There was a combined sense of shock and grudging admiration that once again the young royals had managed to keep their plans entirely secret, with the first news that William and Kate were indeed on holiday - again - coming not from a leak, but from a local newspaper which observed them arriving in Male.
irritatingly for the royal press team, the news completely overshadowed Prince Harry's launch of the Invictus Games, a paralympic-style event for wounded servicemen.
William and Kate's vacation habits are already something of a sore point in still-struggling Britain, with their frequent trips to foreign destinations doing little to soothe occasional Republican tendencies among the masses.
However on this trip, the tin-ear when it concerns travel plans is more evident than usual after confirmation last night that the almost unbelievable reports in the local newspapers, that William and Kate were not accompanied by Baby George - turned out to be true.
Heightened security at the Middleton family home in Berkshire tipped reporters off to the fact that George was staying home with his grandparents - and the new nanny, whose existence was only admitted by the palace on Sunday night, when details of the forthcoming three-week tour to Australia were announced.
People are, quite frankly, astonished. These days, it is simply not the done thing to to leave your kids alone for a week at eight months of age while you zoom off to a long-haul destination on the other side of the world. It may well be jealousy, but the baby-free holiday is playing badly for William and Kate thus far.

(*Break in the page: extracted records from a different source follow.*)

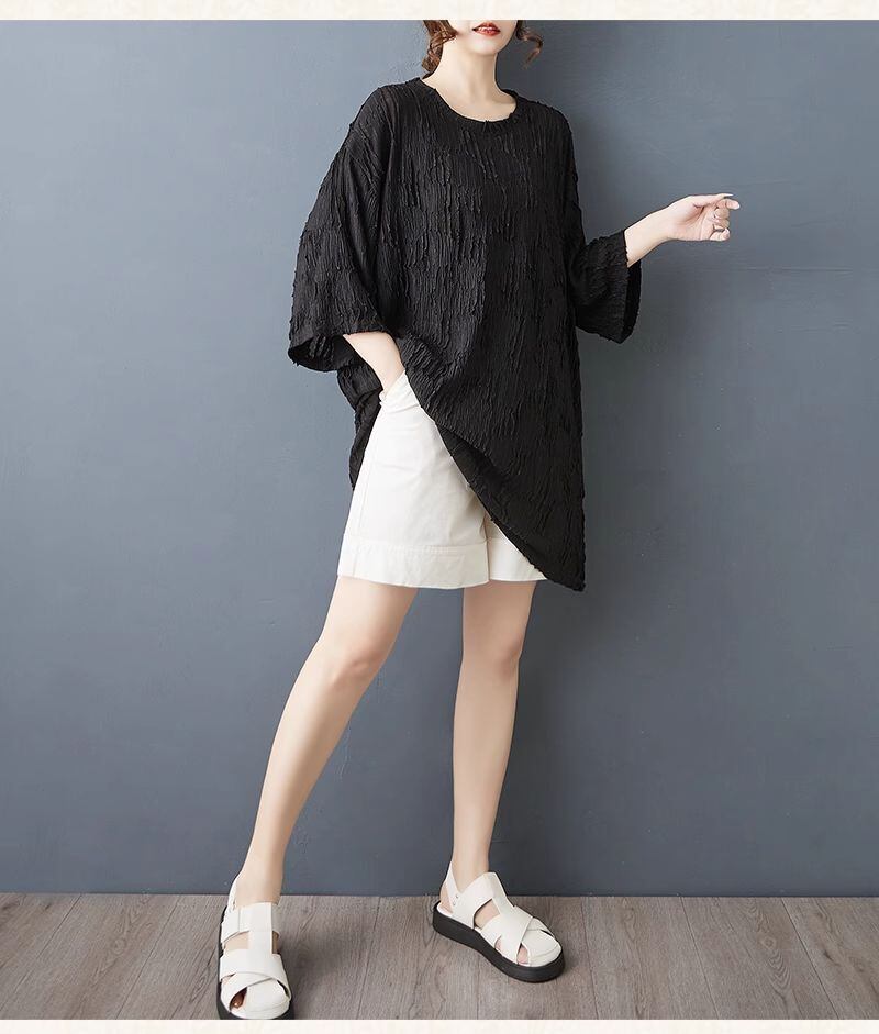 【EEOOOJP】モード系 ヨーロッパデザイン 半袖Tシャツ 夏 大きいサイズ ミディアム ロング ヒップホールカバー トップス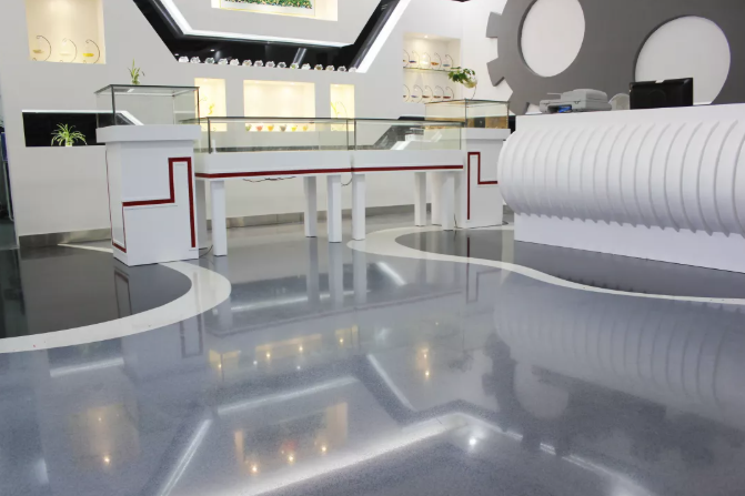 环氧水磨石地板的防滑性能能有效防止儿童在医院办公区玩耍时摔倒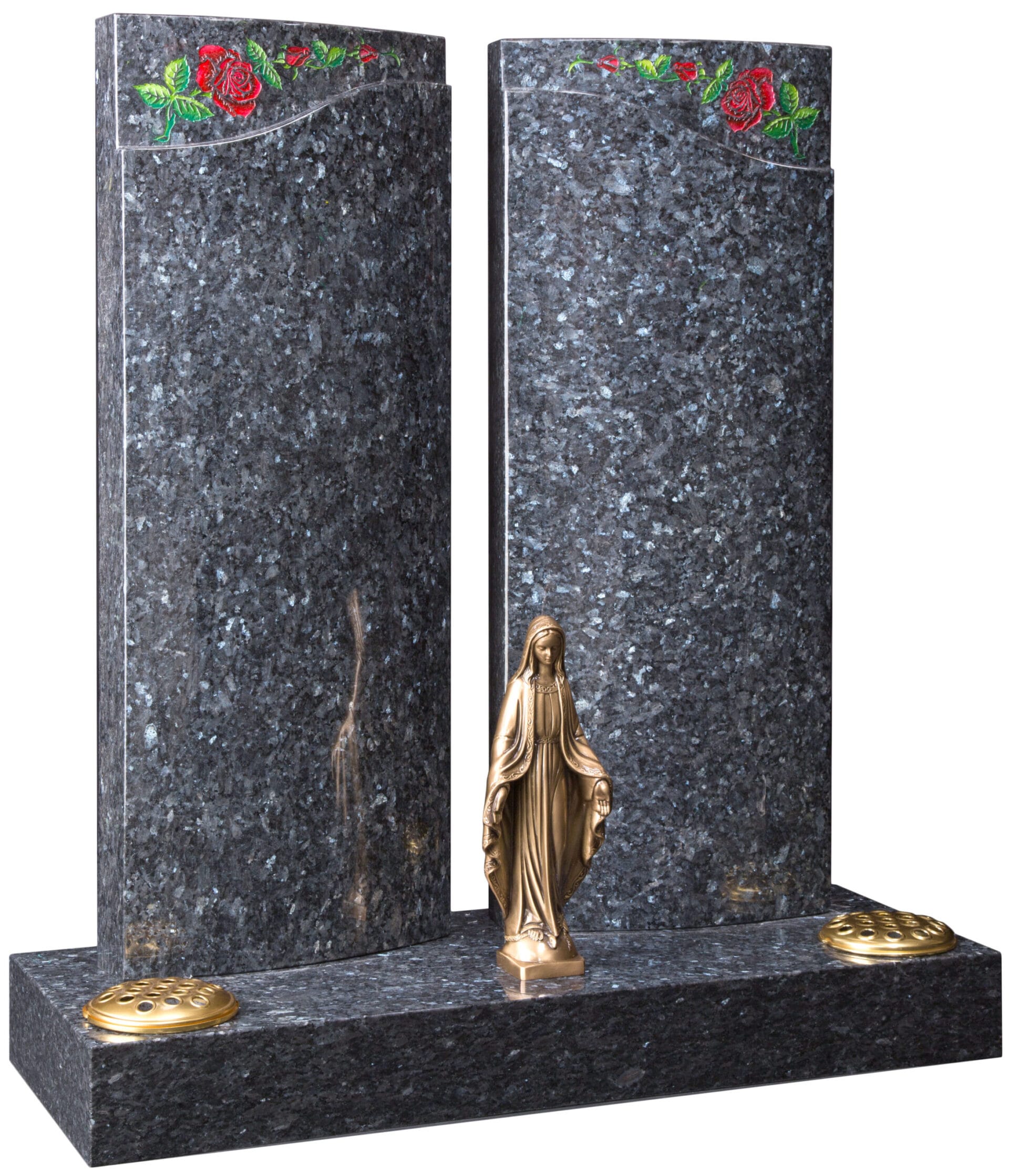 The WG203 Individual Monument in granite features twin columns with an ogee-shaped recess and a painted rose design. Available with an optional bronze ornament, this dignified memorial offers a timeless tribute to your loved one.

Plus, Kate and William could hardly have picked a worse time for their luxury vacation to a resort in Noonu atoll. Kate went to Mustique at the end of January for a ten day vacay with her family, when baby George was photographed as she changed planes.
William went on a controversial shooting holiday in Spain recently, but, more damagingly, he is also supposed to be on a ten-week course at Cambridge University.

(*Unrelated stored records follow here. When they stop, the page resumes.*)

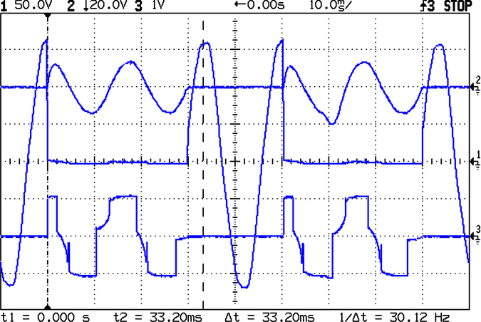 I wanted to show how triacs behave when they’re controlling highly inductive loads, which the (unloaded) transformer certainly is. So I built a controller around an Atmel AT89C2051 (the good bits of an 8051 stuffed in a 20-pin DIP) that gave complete source/sink control over the gate current in 1/8-cycle increments during six complete cycles. The left side of the picture therefore has some custom circuitry to make all that happen.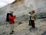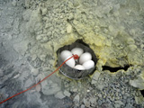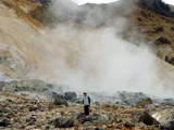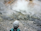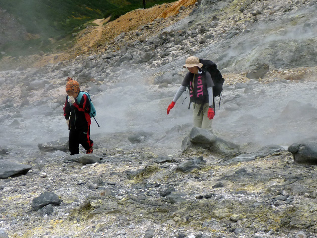 やっとちょうど良さそうな噴気口を見つけて、噴気口近くの蒸気に手をかざしてみて驚いた。「熱い!」見かけよりずっと高温の蒸気・・グローブをしていなかったら、間違いなくやけどしていた。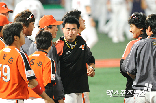 승리를 거둔 한화 선수들이 승리투수 안승민에게 축하를 해주고 있다.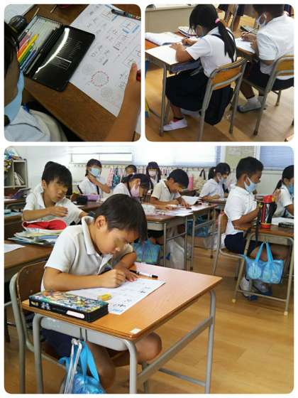 書き終わったら、色塗りをします。集中して静かに取り組みます。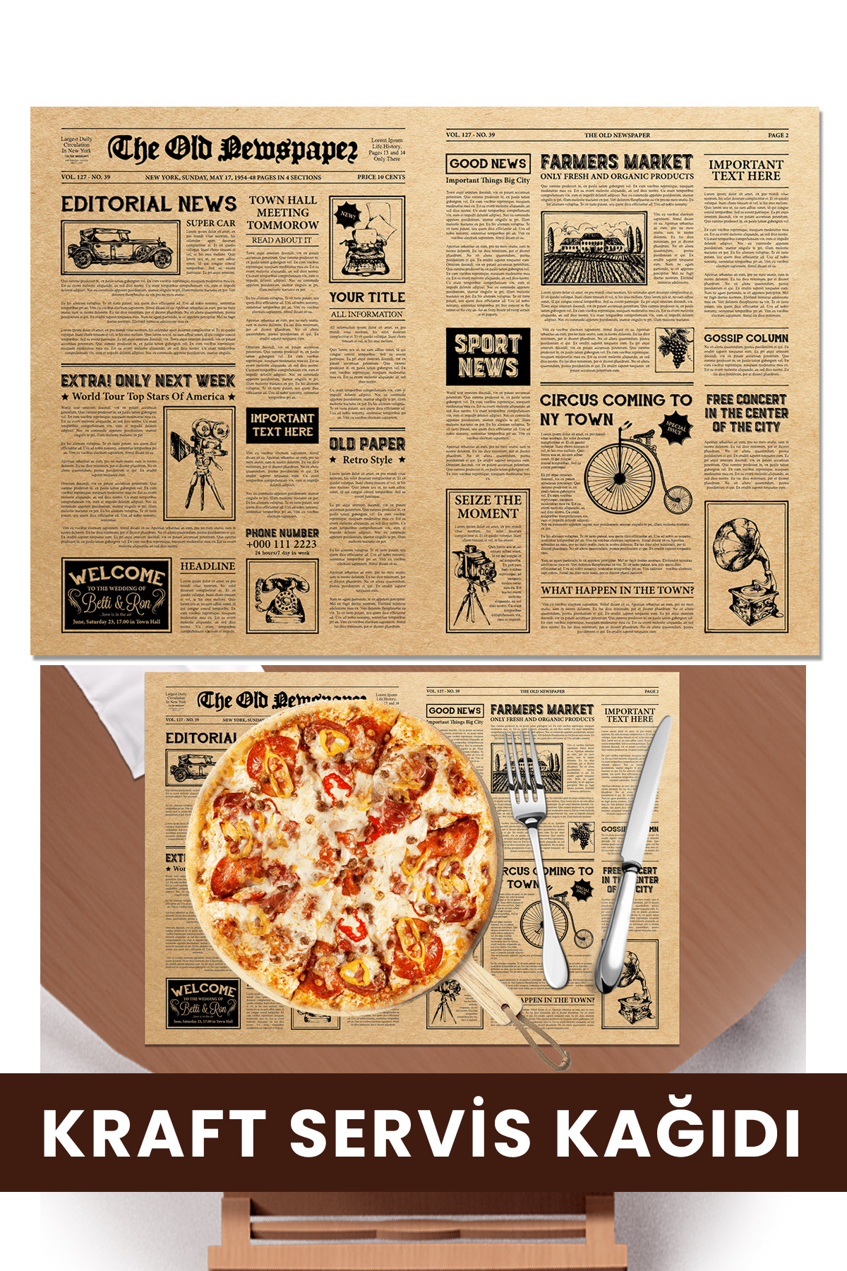 500 adet kraft baskılı amerikan servis kağıdı, yemeklerinizi şık bir sunumla servis etmenize olanak tanır

The prince enrolled on the ten-week course in agricultural management on January 7, which should have seen him there until the end of this month.At the time Kensington Palace briefed strongly that this should not be regarded as some light-weight commitment; he would have around 20 hours a week of timetabled lectures, seminars and meetings and he was also expected to study in his own time and undertake field trips. It would be hard work, the subtext ran.
And yet now, it appears, that it is the kind of hard work that can be done from a luxury 45-bedroom hotel, the five star Cheval Blanc Randheli Hotel on Noonu Atoll, which has been completely booked out for their stay to ensure the couple complete privacy, and no repeat of the annoying beach photographs that marred their last trip together to Mustique.
In a few weeks time the royals will embark on three-week tour of Australia and New Zealand.
This wil be hard work, their aides are already spinning. But many in the UK will not see it that way. They have already concluded that it's more a case of nice work, if you can get it.